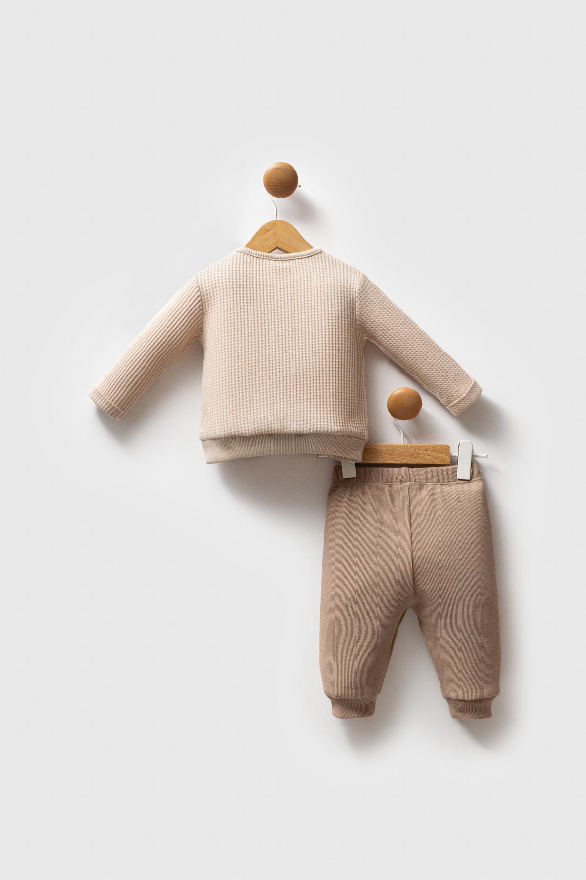 U.S. Polo Assn. Bej Erkek Bebek %100 Pamuklu Waffle Kumaş Alt Üst Takım
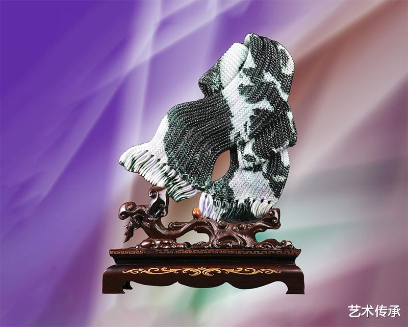 诗性的中国,怎么可能没有温润、浪漫与真爱呢!翡翠巧色艺术作品《情暖人间》像一首爱的颂歌,温暖着14亿中国人。作品以紫罗兰墨绿飘花翡翠,爱心赋形,雕刻出一条飘动的围巾。这围巾飘动在剧烈的温差里,飘动在历史转身的刹那,飘动在一个时代对另一个时代的凝望中,也飘动在玉雕师方卡东手上,飘动在14亿中国人心上。
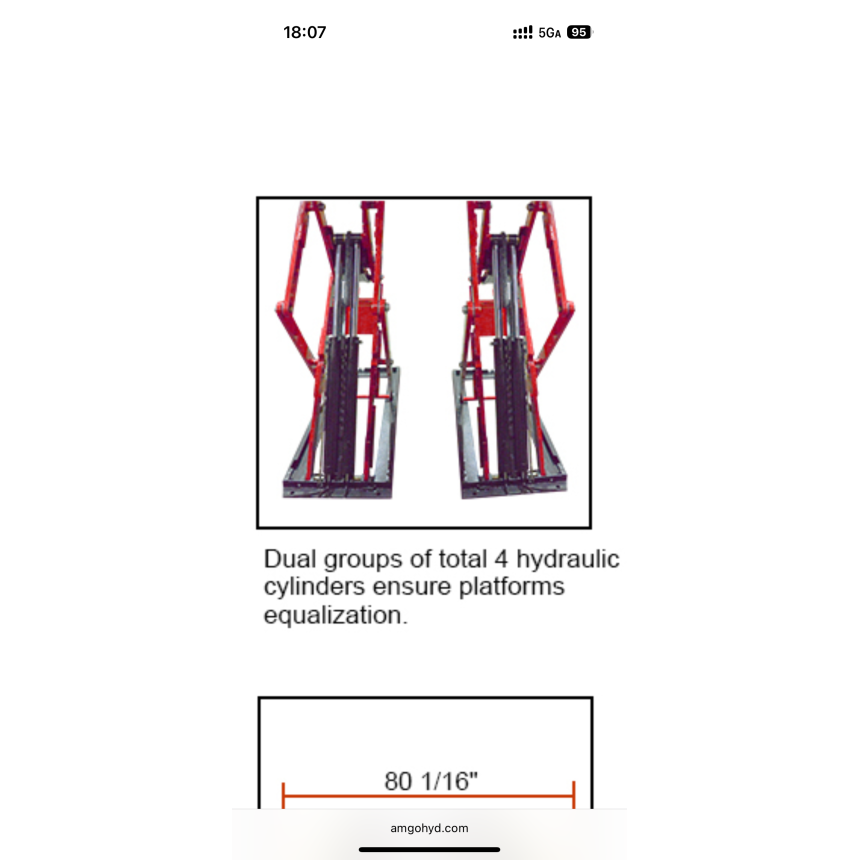 Четыре синхронизированных цилиндра обеспечивают плавный подъем обеих платформ. Подъемник оснащен автоматическим устройством безопасности с электромагнитными замками - нет необходимости в подкличении к пневмолинии. Автоматическая система управления. Система безопасности срабатывает автоматически, как только начинается подъем платформ, и отслеживает работу подъемника.
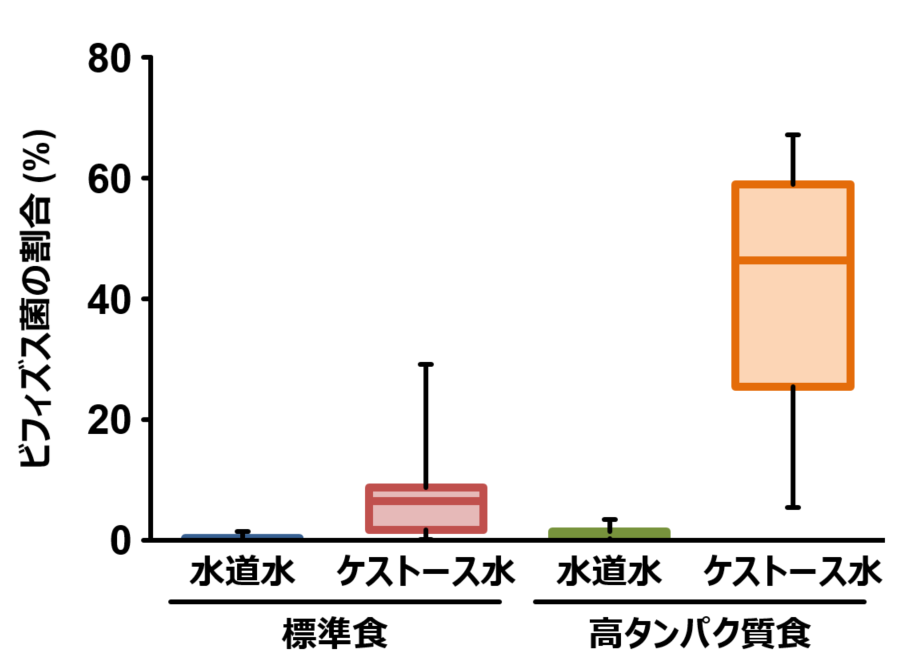 高タンパク質なエサとケストースの両方を摂取したグループでは、腸内細菌叢におけるビフィズス菌の割合が顕著に増加した。(図2)
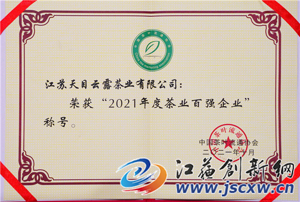 江苏天目云露茶业有限公司是江苏知名茶企。天目云露茶业有限公司董事长、“中国制茶大师”葛联敏说:“‘高端白茶,送天目云露’不仅是我们的广告语,更是我们追求高端茶叶品质、打造高端品牌的终极目标。天目云露一直坚持‘技术是核心,质量是生命,品牌是关键’的发展理念,此次公司荣获2021年度茶业百强企业称号,我们将再接再历,不断进取,不忘初心, 砥砺前行……”。
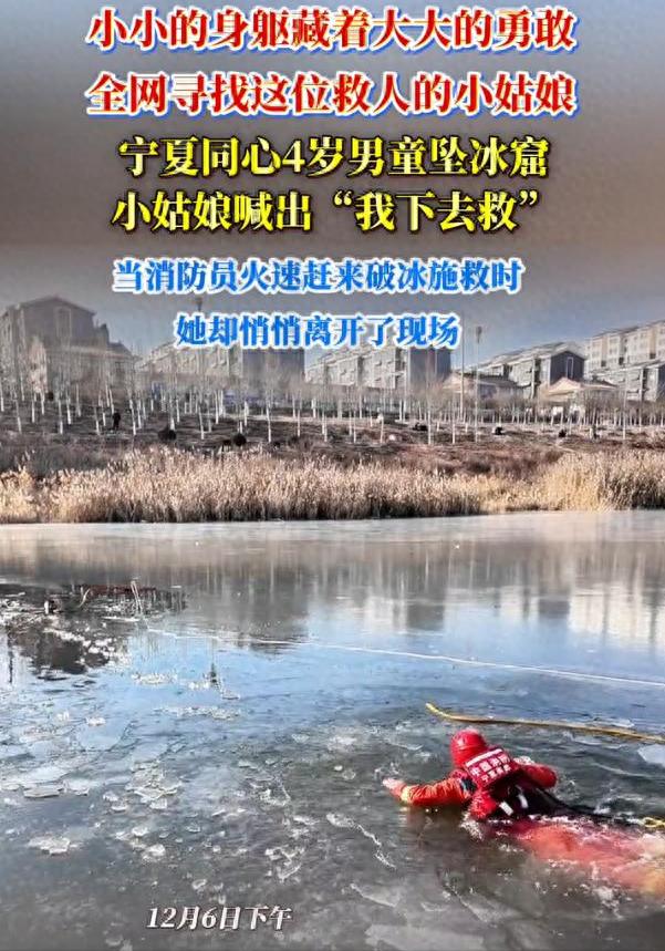 时间倒回到12月6日下午,宁夏吴忠市同心县的一处结冰水域。那天的冰面并不结实,一个年仅4岁的小男童意外坠入冰窟。如果你见过北方的冬河,就会知道那种场面有多绝望:黑色的河水在冰层裂缝下翻滚,落水的孩子相当于直接掉进了一个正在封口的冰棺材里。
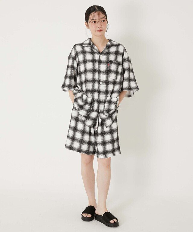 HOLLYWOOD RANCH MARKET|ピグメントプリント ダブルニットパイル イージーショーツ ショートパンツ チェック 日本製
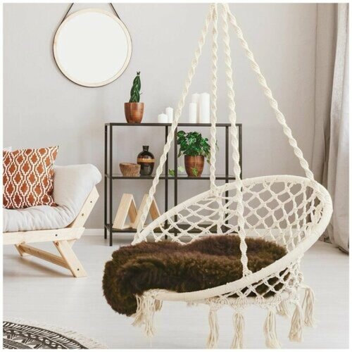 Кресло-качели CoolWalk Technotide, с сеткой, металл, хлопок, бежевые, 80см
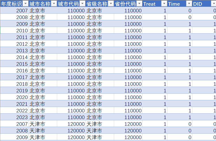 年度标识 | 城市名称 | 城市代码 | 省级名称 | 省级代码 | Treat | Time | DID |
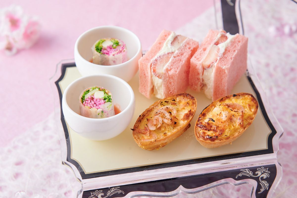 セイボリーもピンクの「いちごサンド マスカルポーネ」や「桜エビと春キャベツのキッシュ」、「ブロッコリーとハモンセラーノの生春巻き」と、春らしいメニューが楽しめます。
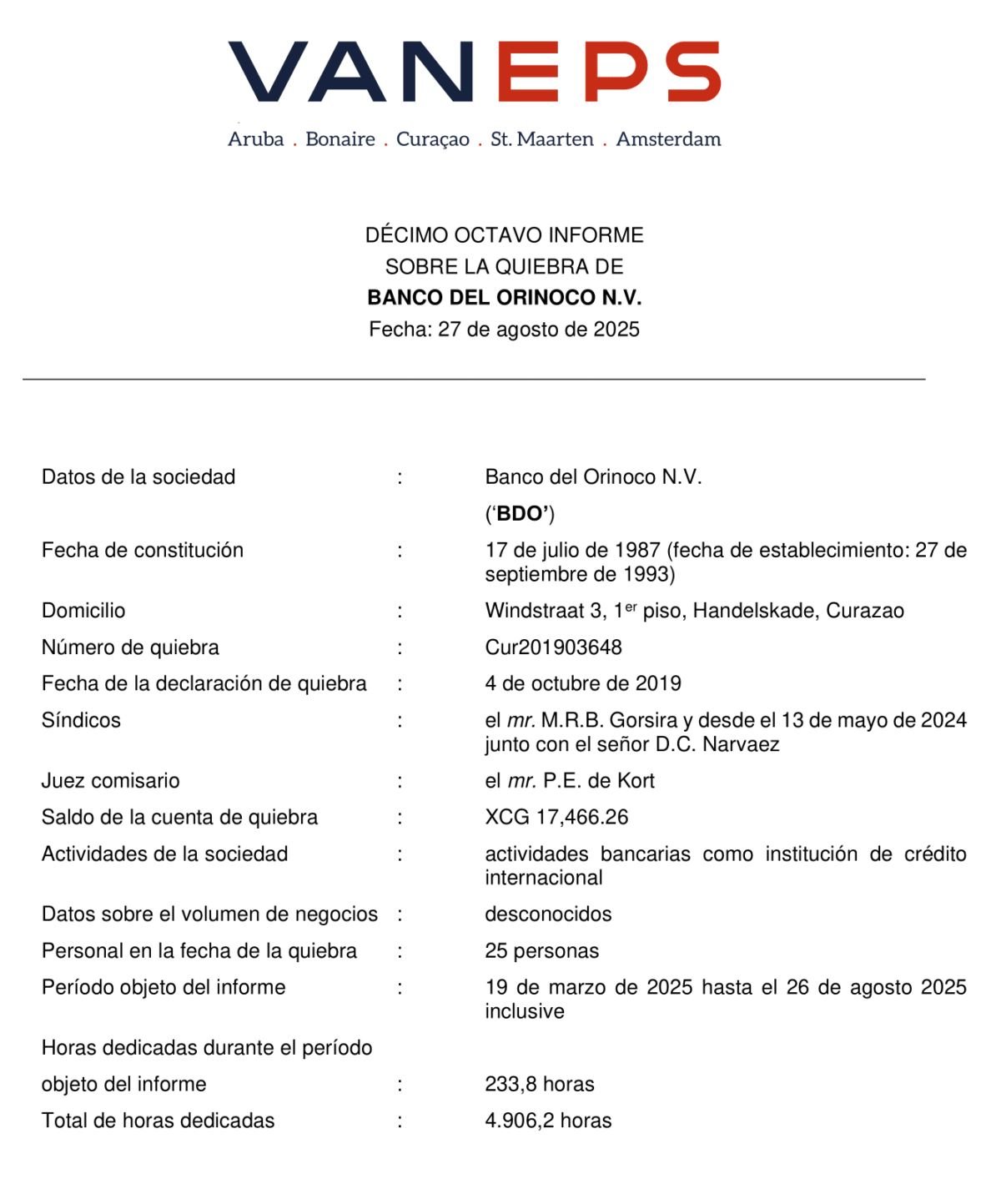 La firma de abogados VanEps, en su rol de síndico en el proceso de quiebra del Banco del Orinoco N.V. (BDO), ha hecho público su décimo octavo informe, un documento que detalla los avances y las complejidades del caso. El reporte, fechado el pasado 27 de agosto de 2025, actualiza la situación del banco, cuya declaración de quiebra se remonta al 4 de octubre de 2019.

Work instructions - Copy the lines exactly as they appear from the opening of the entries above through the line with "诗性的中国,怎么可能没有温润", excluding all pictures.

Reply to the exercise -
 U.S. Polo Assn. Bej Erkek Bebek %100 Pamuklu Waffle Kumaş Alt Üst Takım
 诗性的中国,怎么可能没有温润、浪漫与真爱呢!翡翠巧色艺术作品《情暖人间》像一首爱的颂歌,温暖着14亿中国人。作品以紫罗兰墨绿飘花翡翠,爱心赋形,雕刻出一条飘动的围巾。这围巾飘动在剧烈的温差里,飘动在历史转身的刹那,飘动在一个时代对另一个时代的凝望中,也飘动在玉雕师方卡东手上,飘动在14亿中国人心上。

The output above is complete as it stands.